> Work required
Below are the records; repeat exactly their lines between the line holding "This exciting and" and the line holding "欧美时尚设计天然贝壳串珠不锈钢太阳吊坠女士个性项链轻奢项饰女", inclusive, skipping the pictures.

> Extracted information
- - - - - - -

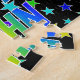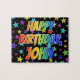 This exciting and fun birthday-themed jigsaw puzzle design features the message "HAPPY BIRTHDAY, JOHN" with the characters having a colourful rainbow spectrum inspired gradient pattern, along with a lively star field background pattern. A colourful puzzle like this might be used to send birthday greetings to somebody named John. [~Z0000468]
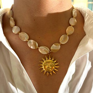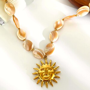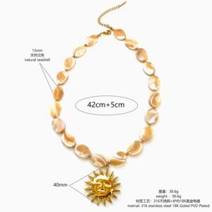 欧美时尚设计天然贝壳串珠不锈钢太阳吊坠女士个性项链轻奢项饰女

- - - - - - -

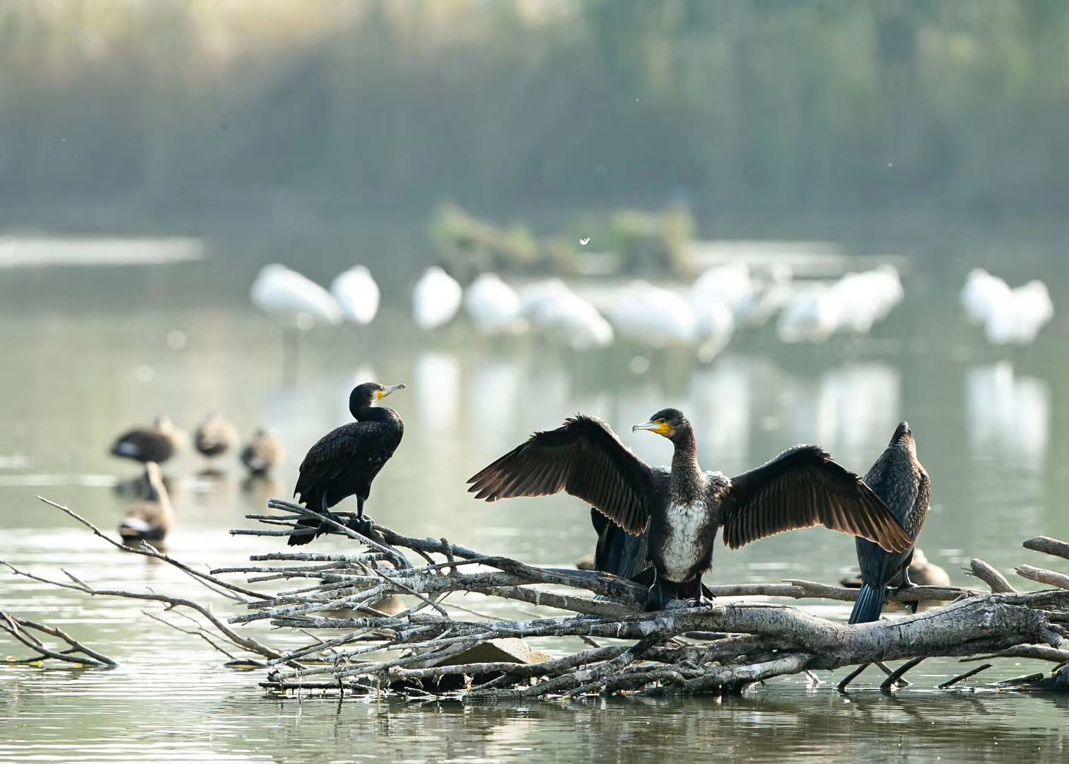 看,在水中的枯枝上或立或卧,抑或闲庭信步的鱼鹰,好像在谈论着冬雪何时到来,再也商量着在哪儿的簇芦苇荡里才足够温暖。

- - - - - - -

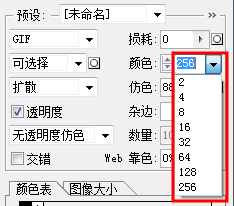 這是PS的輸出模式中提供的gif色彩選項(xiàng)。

- - - - - - -

> Task answer
 This exciting and fun birthday-themed jigsaw puzzle design features the message "HAPPY BIRTHDAY, JOHN" with the characters having a colourful rainbow spectrum inspired gradient pattern, along with a lively star field background pattern. A colourful puzzle like this might be used to send birthday greetings to somebody named John. [~Z0000468]
 欧美时尚设计天然贝壳串珠不锈钢太阳吊坠女士个性项链轻奢项饰女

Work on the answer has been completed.